Nosotros convocamos a una unidad de espacios que pensamos parecido. Creemos que el Frente Renovador piensa parecido a sectores del radicalismo o el PRO. Nos fuimos del Frente Renovador porque no estaban garantizadas las reglas del juego interno, y porque había algunos sectores muy importantes que no pretendían una convocatoria más amplia. Recién ahora parecería que esa convocatoria empieza a surgir en algunas voces de ese espacio. Lo mismo queremos transmitir al radicalismo y el PRO. Buscamos que haya grandeza en los dirigentes políticos, es lo que pide la sociedad, que los que pensamos parecido no nos dividamos sino que nos unamos, compitamos en internas, mantenerse unido como espacio alternativo. Eso es lo que pide la sociedad y necesita Argentina para establecer políticas públicas permanentes.
Cuando se formalizó en la Convención Nacional que la UCR buscaría acuerdos con el PRO, enseguida aparecieron las críticas diciendo que era una corriente de antiperonismo.

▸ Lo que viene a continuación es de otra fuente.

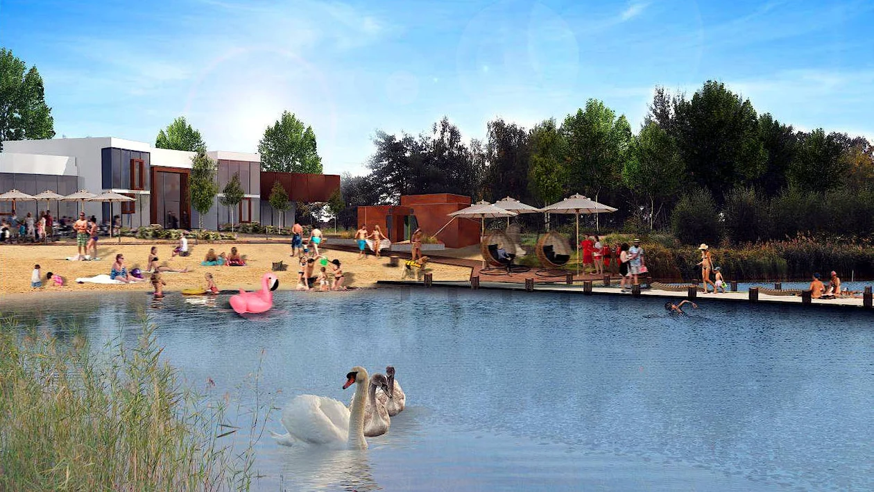 Projekt ma polegać na budowie kąpieliska, 1,7 km ścieżek pieszo-rowerowych z oświetleniem i ścianki wspinaczkowej. Powstanie też promenada o długości 1 km. W ramach inwestycji zamontowane zostaną również panele fotowoltaiczne zasilające obiekty ulokowane na terenie poligonu. Mają też zostać przebudowane ulice – 800 m Świętojańskiej i 600 m Czeladniczej - informował burmistrz Grzegorz Kubik na swoim profilu społecznościowym jesienią ubiegłego roku.

En nuestro espacio, en el ámbito local, con el partido vecinal Espacio Abierto, es un lugar muy amplio. Hay desarrollistas radicales, peronistas, socialistas, liberales, vecinalistas, independientes. Y esa es una buena construcción, es lo que exige la política moderna, para ponerse de acuerdo en los problemas y los conceptos básicos para resolverlo. Después en lo cotidiano puede haber matices, pero no hay tantas diferencias ideológicas de gestión entre radicales y peronistas, el PRO o el Frente Renovador. Si hay diferencias con un modelo que ha tenido buenos logros pero ha construido daño social, que es el kirchnerismo. ¿Por qué? La política es un ámbito social, de encuentro. Ninguna organización social puede crecer si la lógica de crecimiento es nada más que la pelea por el poder, y ver cómo impongo mi decisión sobre el otro. Nosotros venimos del desarrollismo, y el concepto básico es la integración, que empieza por los gestos de grandeza de los políticos para integrar otros pensamientos y encontrar soluciones.

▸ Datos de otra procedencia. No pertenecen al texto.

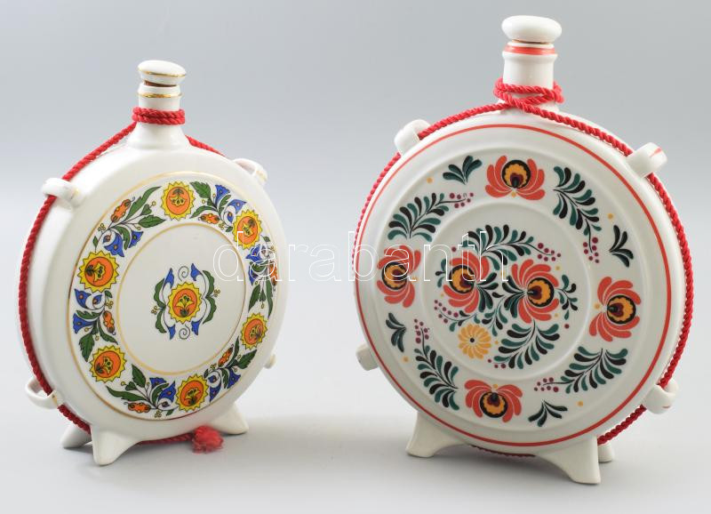 Beschreibung: 2 db népies Hollóházi porcelán kulacs. Kézzel festett, jelzett, hibátlan 20x23 cm

¿Cuál es su lectura de la gestión de Scioli en estos 8 años?
Hubo algunos logros, y en términos generales siguió la inercia de ineficiencia del estado provincial. Es un estado que tiene problemas de financiamiento, porque en su momento en la época de Cafiero se cedieron puntos de coparticipación que nunca se pudieron recuperar, con lo cual la provincia tiene un desfasaje respecto a la coparticipación. Uno hubiese necesitado gobernadores que peleen ante el gobierno federal para recuperar parte de esos recursos. Por otro lado, continuó la inercia de malas políticas en materia de seguridad, de salud pública, el sistema nacional de educación pública gestionado por los gobiernos provinciales, y en materia judicial. Son los cuatro elementos básicos para consolidar en cualquier sociedad para generar progreso social. No sirve de nada pintar una autopista si no resolviste el problema de transporte público en el área metropolitana; no sirve de nada el programa Soluciones Ya para reparar dos veredas o dos escuelas, cuando tenemos un problema sistémico en la educación; no sirve de nada decir que incorporaste 10 mil policías en seis meses, mal capacitados y mal pagos, en una institución desprestigiada, que divididos en no menos de 6 o 7 mil destacamentos policiales bonaerenses, te toca 1,4 por comisaría. Es mala la gestión. Tuvo buena voluntad, es un hombre de diálogo. Pero no cambió la inercia que ya venía y no se pudo modificar.
¿Tampoco podrá cambiar la inercia nacional como candidato a presidente?
Creo que no. Además marca un perfil de conducción. Si no le gusta decir que ´no´, o pelearse con quien debe para mejorar la calidad de vida y defender las autonomías municipales, no sé si tendrá lo que hay que tener para defender los intereses de todos los argentinos. Se ven gobernadores de provincias mucho más chicas que se han plantado para defender los intereses de cada una. No veo esa actitud en el gobierno provincial.